Top of Source records

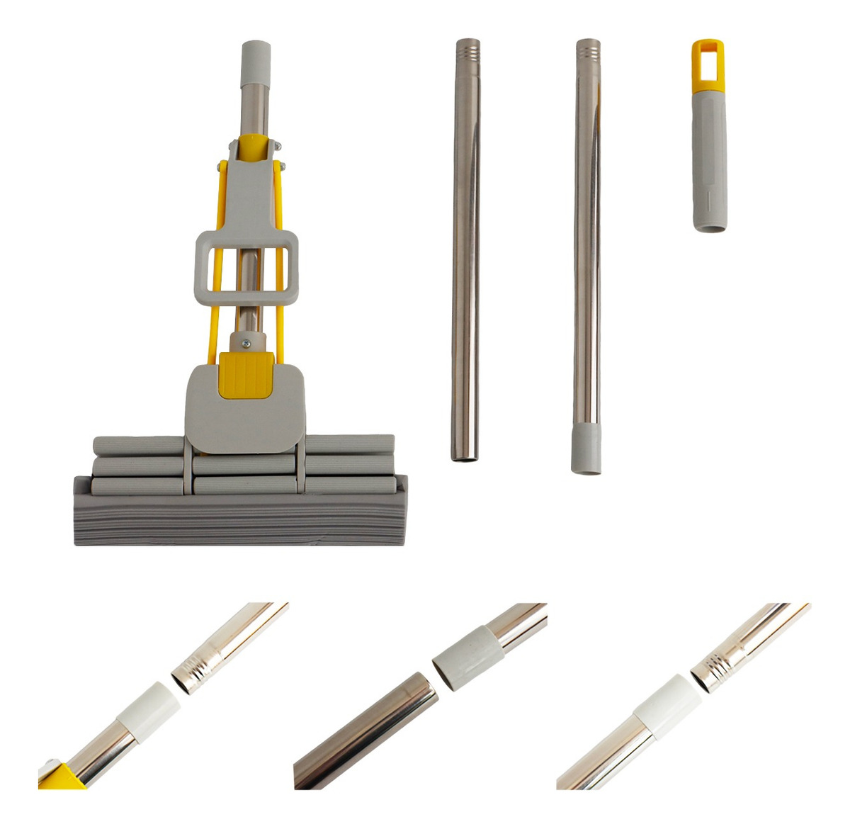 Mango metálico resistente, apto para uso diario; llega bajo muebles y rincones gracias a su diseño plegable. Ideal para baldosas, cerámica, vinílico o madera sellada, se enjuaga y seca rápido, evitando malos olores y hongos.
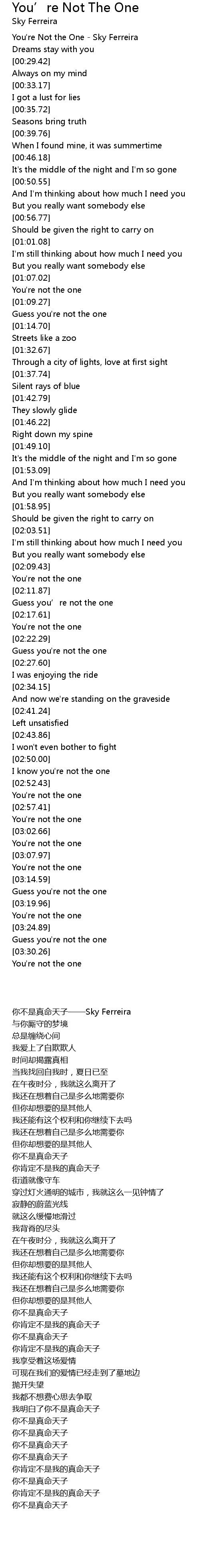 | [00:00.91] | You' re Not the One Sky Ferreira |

Bottom of Source records
Top of Source records

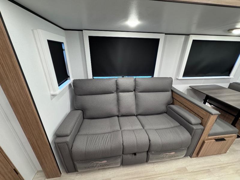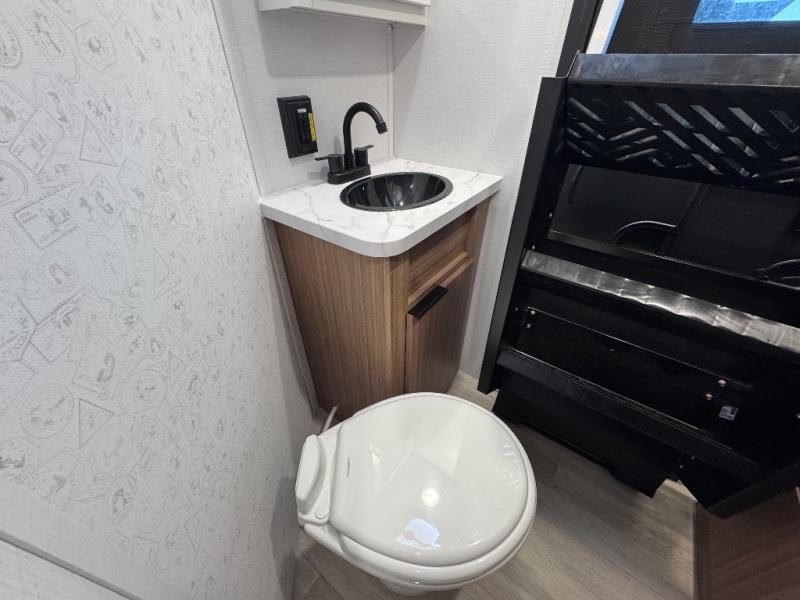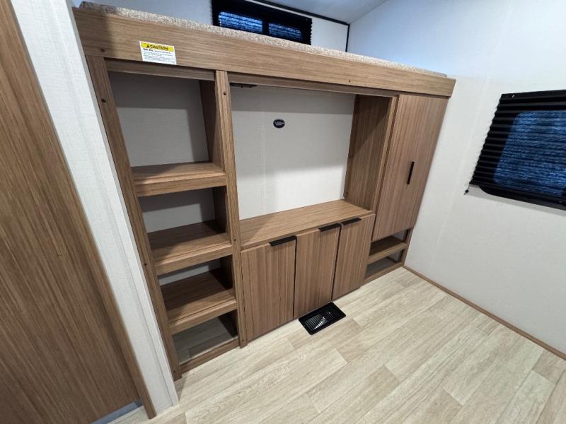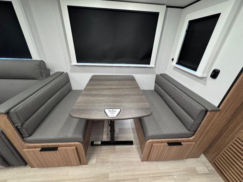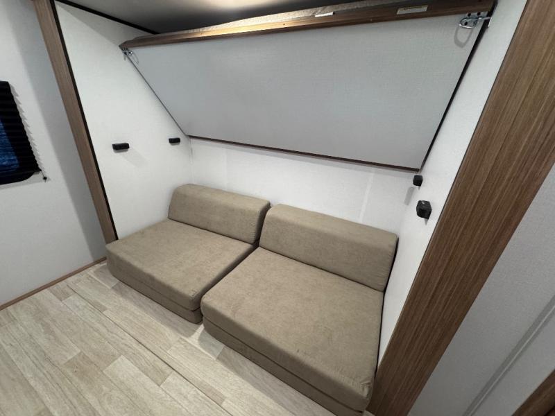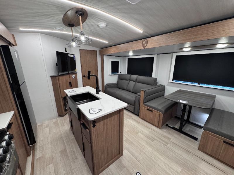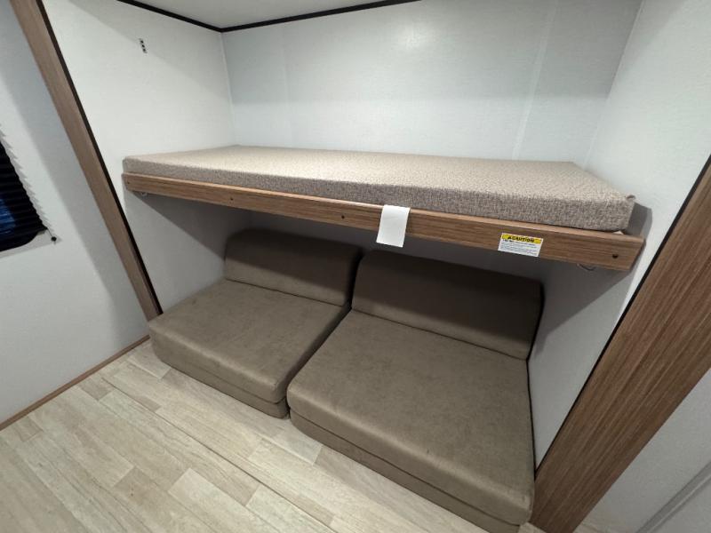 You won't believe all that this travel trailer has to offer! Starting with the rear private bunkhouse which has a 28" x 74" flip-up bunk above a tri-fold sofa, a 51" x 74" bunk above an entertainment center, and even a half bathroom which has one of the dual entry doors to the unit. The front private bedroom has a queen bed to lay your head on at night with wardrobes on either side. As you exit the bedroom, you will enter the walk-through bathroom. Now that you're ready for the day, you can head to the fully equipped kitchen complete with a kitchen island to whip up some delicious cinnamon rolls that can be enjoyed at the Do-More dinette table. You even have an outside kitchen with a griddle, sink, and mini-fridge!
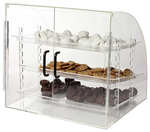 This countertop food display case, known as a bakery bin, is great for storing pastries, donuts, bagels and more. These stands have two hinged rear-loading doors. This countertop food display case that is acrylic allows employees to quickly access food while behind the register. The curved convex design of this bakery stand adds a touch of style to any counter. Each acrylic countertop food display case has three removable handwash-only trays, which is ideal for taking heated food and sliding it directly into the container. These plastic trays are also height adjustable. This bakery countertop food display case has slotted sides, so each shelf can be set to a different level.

Bottom of Source records

*Task details:*
Give again the lines of the listing above that run from the one with "Mango metálico resistente, apto" up to and including the one with "Sky Ferreira |". Keep them exact and omit the pictures.

*Task answer:*
 Mango metálico resistente, apto para uso diario; llega bajo muebles y rincones gracias a su diseño plegable. Ideal para baldosas, cerámica, vinílico o madera sellada, se enjuaga y seca rápido, evitando malos olores y hongos.
 | [00:00.91] | You' re Not the One Sky Ferreira |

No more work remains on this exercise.